*Instructions to follow*: Please copy the records below word for word, leaving out the pictures.

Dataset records
■ ■ ■

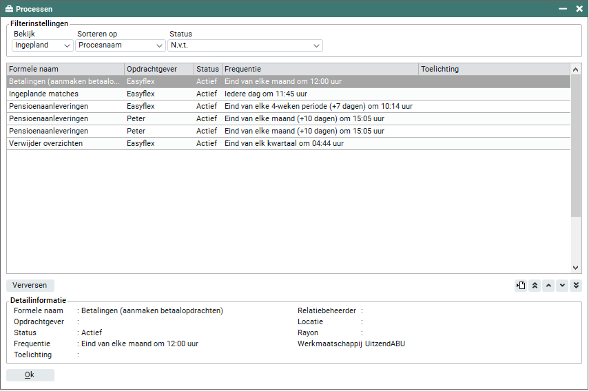 Binnen het onderdeel processen kun je bekijken welke processen (overzichten) openstaan, zijn ingepland of reeds zijn aangemaakt. Ook wordt getoond door welke medewerker de opdracht is gegeven. Het betreft alle overzichten welke zijn aangemaakt in de modules 'Backoffice', 'Frontoffice' en 'Mijn gegevens'.
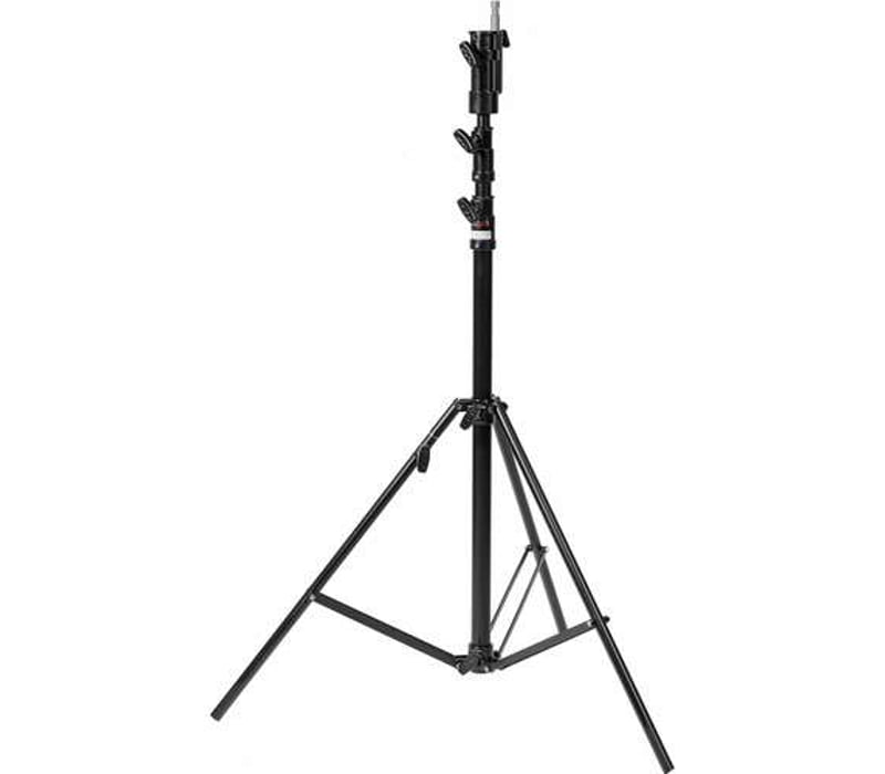 This Combo Black Aluminum Stand from Matthews can hold up to 25 lb and extends from 48" to 124" with a footprint of 26". It has a Rocky Mountain Leg to allow it to be placed on uneven surfaces. What makes this stand a combo is that it has both a Junior (1 1/8") receiver and a 5/8" stud.
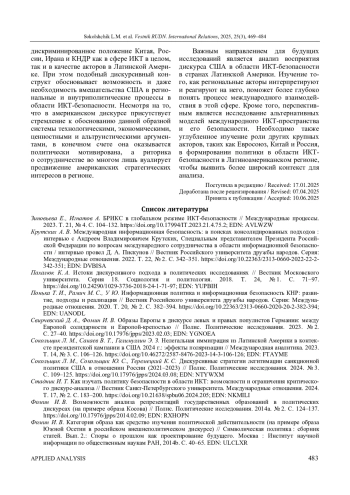 1. Зиновьева Е., Игнатов А. БРИКС в глобальном режиме ИКТ-безопасности // Международные процессы. 2023. Т. 21, № 4. С. 104-132. ;. DOI: 10.17994/IT.2023.21.4.75.2 EDN: AVLWZW
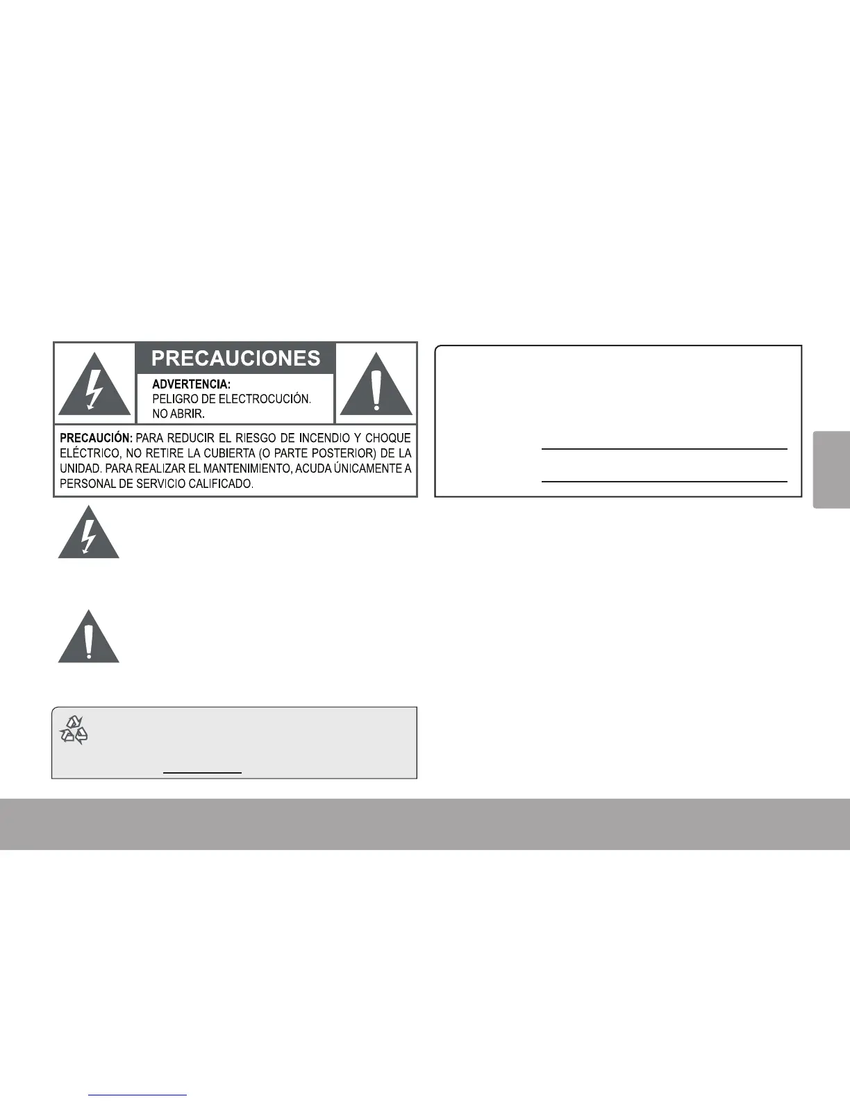 ADVERTENCIA: Para prevenir el riesgo de descarga eléctrica, no
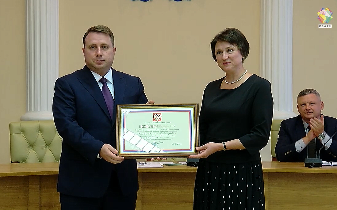 Глава Подольска Дмитрий Жариков вручил почетную грамоту Президента России главному врачу Подольского кожно-венерологического диспансера Наталье Ельцовой.
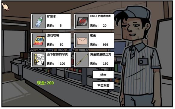 来到便利店买东西,这里是影响后续剧情的关键地方,每一种商品都与剧情线路选择或成就有关(密函除外)。
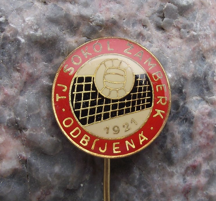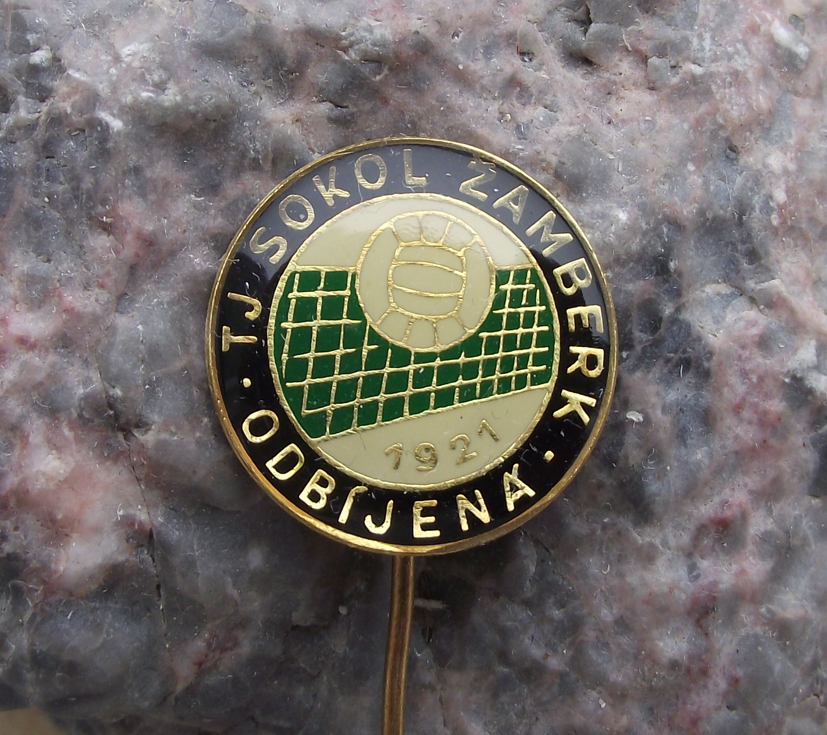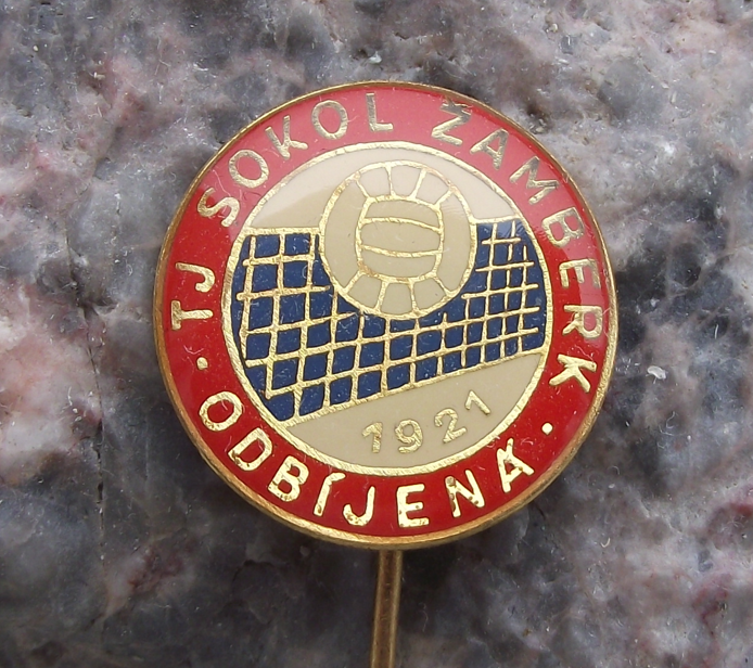 - A very pretty, vintage pin badge from the TJ Sokol Zamberk volleyball club in Zamberk in former Czechoslovakia.

■ ■ ■

*Answer to this problem*:
 Binnen het onderdeel processen kun je bekijken welke processen (overzichten) openstaan, zijn ingepland of reeds zijn aangemaakt. Ook wordt getoond door welke medewerker de opdracht is gegeven. Het betreft alle overzichten welke zijn aangemaakt in de modules 'Backoffice', 'Frontoffice' en 'Mijn gegevens'.
 This Combo Black Aluminum Stand from Matthews can hold up to 25 lb and extends from 48" to 124" with a footprint of 26". It has a Rocky Mountain Leg to allow it to be placed on uneven surfaces. What makes this stand a combo is that it has both a Junior (1 1/8") receiver and a 5/8" stud.
 1. Зиновьева Е., Игнатов А. БРИКС в глобальном режиме ИКТ-безопасности // Международные процессы. 2023. Т. 21, № 4. С. 104-132. ;. DOI: 10.17994/IT.2023.21.4.75.2 EDN: AVLWZW
 ADVERTENCIA: Para prevenir el riesgo de descarga eléctrica, no
 Глава Подольска Дмитрий Жариков вручил почетную грамоту Президента России главному врачу Подольского кожно-венерологического диспансера Наталье Ельцовой.
 来到便利店买东西,这里是影响后续剧情的关键地方,每一种商品都与剧情线路选择或成就有关(密函除外)。
 - A very pretty, vintage pin badge from the TJ Sokol Zamberk volleyball club in Zamberk in former Czechoslovakia.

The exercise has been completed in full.